В горле у нее перехватило, и она уже готова была не сдаваться, но Новик вдруг встрепенулся и закричал, будто она оскорбила его:

– Какая справедливость, тетка! У вас мракобесие в голове, отсталое представление о какой-то неклассовой справедливости! А мы должны руководствоваться единственно классовой справедливостью: никакой пощады врагу! Тот, кто стоит у нас на пути, – враг, и мы ему ломаем хребет. Иначе нам не видать новой жизни. Нас самих сотрут в порошок. У вас капитулянтские правоуклонистские взгляды, которые надо беспощадно искоренять!

Степанида молчала, подумав, может, и так, может, этот Новик и прав. Конечно, он умный, образованный, не то что она – ходит во второй класс ликбеза. Но Степанида как представила себе это раскулачивание, так ей стало муторно. Что было делать?

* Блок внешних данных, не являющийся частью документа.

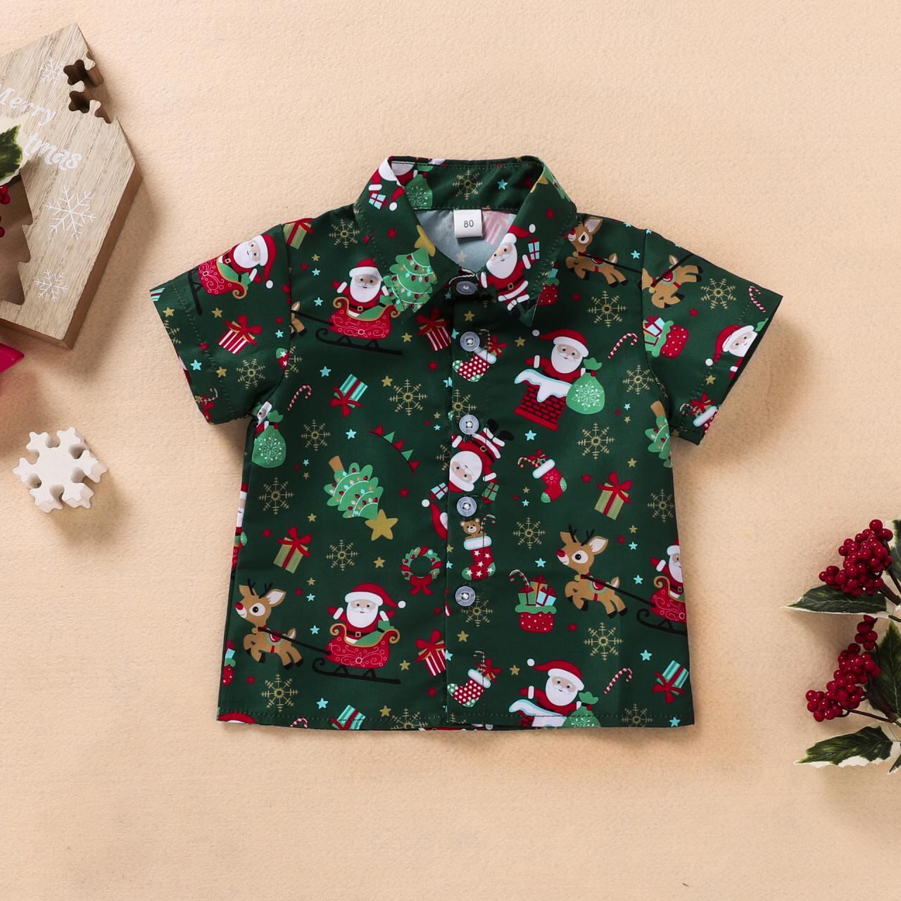 シャツ キッズ 半袖シャツ 短パン 上下セット 子供服 男の子 カジュアル 綿 プリント アニマル柄 グリーン ワインレッド 80cm 90cm 100cm 110cm 120cm

– Как я скажу нашим деревенским? – мучительно ерзал за столом Левон. – Что саботажник? Поймут разве? Нет, не поймут. Потому что и сам не понимаю, – говорил он, все перекладывая на столе бумажку – то ближе, то дальше, то по одну сторону от себя, то по другую.

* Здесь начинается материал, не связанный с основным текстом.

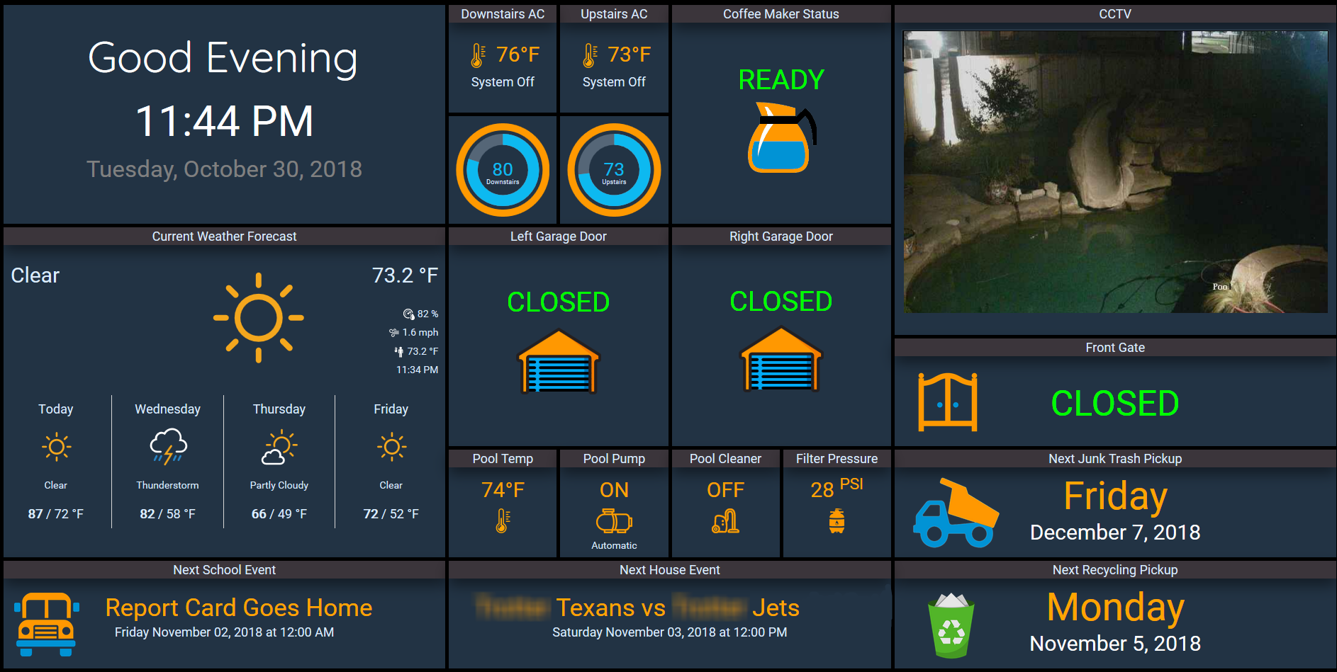 This content is displayed on a 32" display which hangs over our door to the garage - near the kitchen. With one quick look we can make sure we are on top of everything.

В это время размашисто растворилась дверь и с улицы в хату вскочил рослый парень в шинели с яркими малиновыми петлицами на воротнике, снял с головы островерхий шлем с широкой звездой спереди. Выглядел он усталым, запыхавшимся, видно, от спешки, а глаза светились живостью и удовлетворением от переполнявшей его молодой силы, нерастраченной душевной щедрости.

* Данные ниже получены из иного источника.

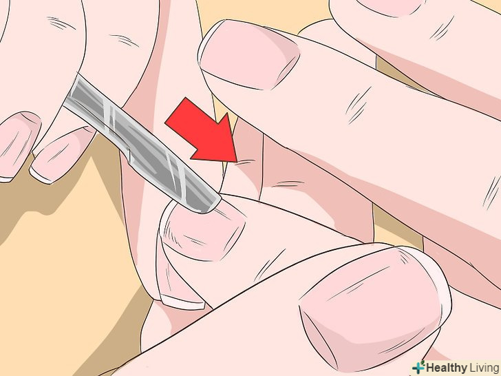 Акуратно відсуньте кутикули, якщо буде потрібно. підпиляєте нігті, якщо це необхідно.- Не зрізайте кутикули. Лікарі не рекомендують робити це з кількох причин. По-перше, видалення кутикули може привести до занесення інфекції, що сповільнить зростання нігтя. [2] по-друге, кутикули будуть відростати заново. Якщо ж просто відсунути їх, вони будуть здаватися менше.

– Опаздываешь, Гончарик, – мрачно упрекнул Левон. – Давно ждем...

– Только прибежал из местечка, мать говорит: комбед.

Василь Гончарик сначала поздоровался за руку с Новиком, потом с Левоном, Недосекой, тронул плечо Потапа, пожал холодноватыми пальцами руку Степаниде.

– Я возле вас, тетка.

– Садись, – слегка подвинулась Степанида. Ей было не до Гончарика – большая тревога охватила ее душу.

– О чем разговор? – спросил Гончарик, все еще усмехаясь, с симпатичными ямочками на раскрасневшихся щеках. Он только осенью вернулся из армии, отслужив действительную на Дальнем Востоке, теперь собирался жениться. На его вопрос никто не ответил, все озабоченно насупились, и он, что-то почувствовав, также согнал с лица милую усмешку. Степанида шепнула:

– Гужа раскулачивать...

– Вон что!

– Да, раскулачивать! – снова вскричал Новик. – И нечего рассусоливать. Колхоз под угрозой срыва. А Гуж... Наемный труд был? – вдруг спросил Новик и насторожился в ожидании ответа.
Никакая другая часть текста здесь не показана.